Paris is, above all, a city of leisure. In France nothing is easy—just try getting a taxi or waiting in line at the post office. But in Paris, everything is enjoyable. When Americans say one of our cities is “European,” we really mean it is like Paris: open, insouciant, filled with art. It is the city that turned aimless wandering into philosophy; the city that transforms its murky riverfront into a sandy beach in the summer just because it’s hot; the city that constantly asks itself, “What is beauty?” and puts its hypotheses—the crystalline pyramid of the Louvre, the gilded cherubs of the Pont Alexandre III—in the street for all to see. Above Haussmann’s spacious boulevards, Parisian apartments are so cramped one is practically forced out into the street. And what you find there is magic.

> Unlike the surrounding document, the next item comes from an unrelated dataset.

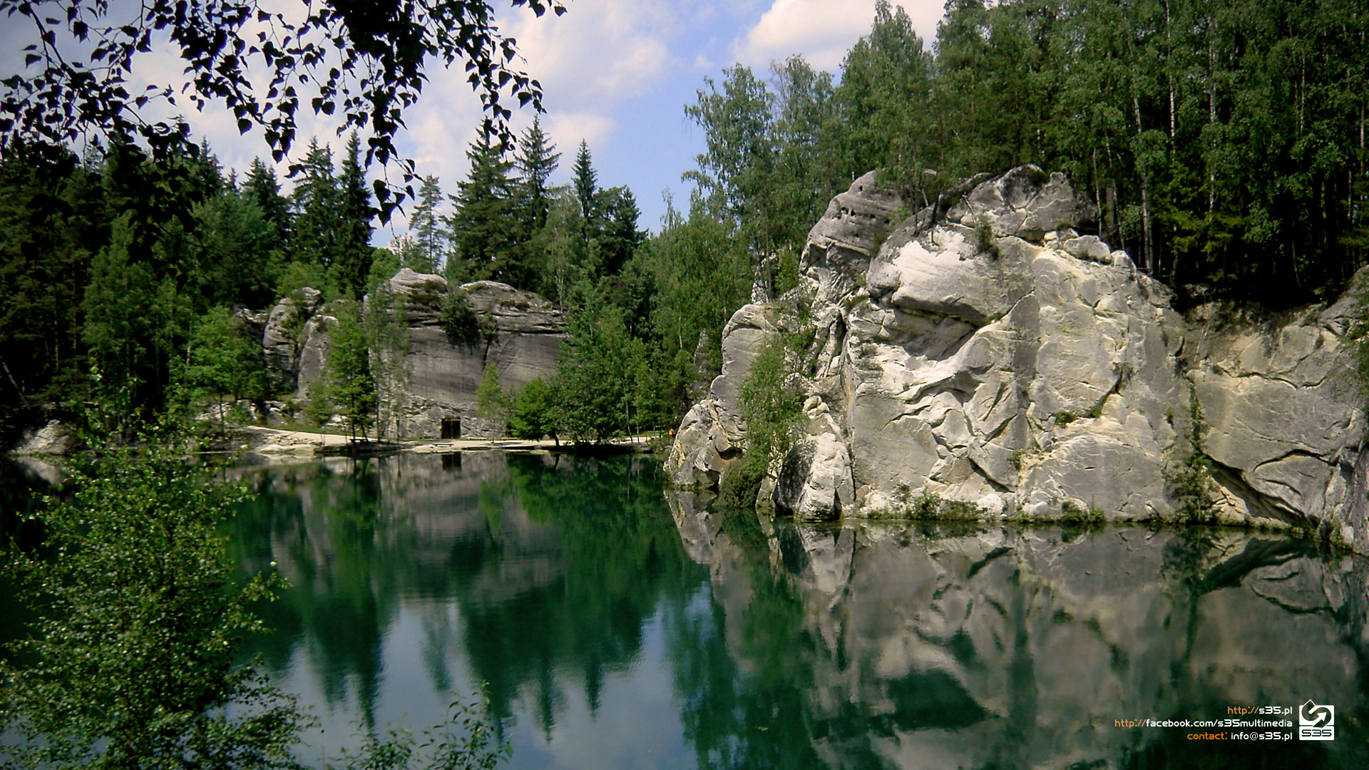 500px provided description: Adrspach, Lake View - HD Wallpaper [#landscape ,#forest ,#sea ,#nature ,#europe ,#poland ,#baltic ,#baltic sea ,#czech ,#adrspach ,#s35 multimedia ,#mellodeque ,#maciej chomicz]

ISIS knew this and chose its targets accordingly. The 10th and 11th arrondissements, for instance, are not tourist-heavy or particularly luxe. Nor are they the primarily occupied by French students, like the district around the Sorbonne. They are social estuaries where the city’s various ethnicities and classes mix freely. One of the bars, Le Carillon, is run by Algerians. The Bataclan, the music hall where over 80 people died, had been long-owned by Jews. As the newspaper Liberation put it, the victims were defined by a certain “cultural openness, liberal habits and a cosmopolitanism that doesn’t exclude a convivial kind of patriotism.” As a result, there were 19 nationalities among the victims.
The mood in Paris now is not vengeful, but dignified and defiant. The Parisian way of life—the cosmopolitan way of life—is under attack and the young are responding with a sort of joyful protest, clinking glasses of wine on terraces and congregating in crowded bars. They know that death only makes sense once we have experienced life, with its happinesses large and faint, its mournings, its incomprehensions and its absurdities. They know fanatics who detonate themselves may not fear death but they will never know what life really is. They know it is life itself terrorism is afraid of.
Paris meanwhile is an old city, with an ancient motto: “Fluctuat nec mergitur,” Latin for “Tossed but not sunk.” Over the last 1,200 years, it has lived up to that creed, surviving siege by the Romans, the Vikings, the Jacobins, the Prussians and Hitler. Now the world watches and prays Paris will continue to survive this siege of fear as it has the others, with freedom, law and love.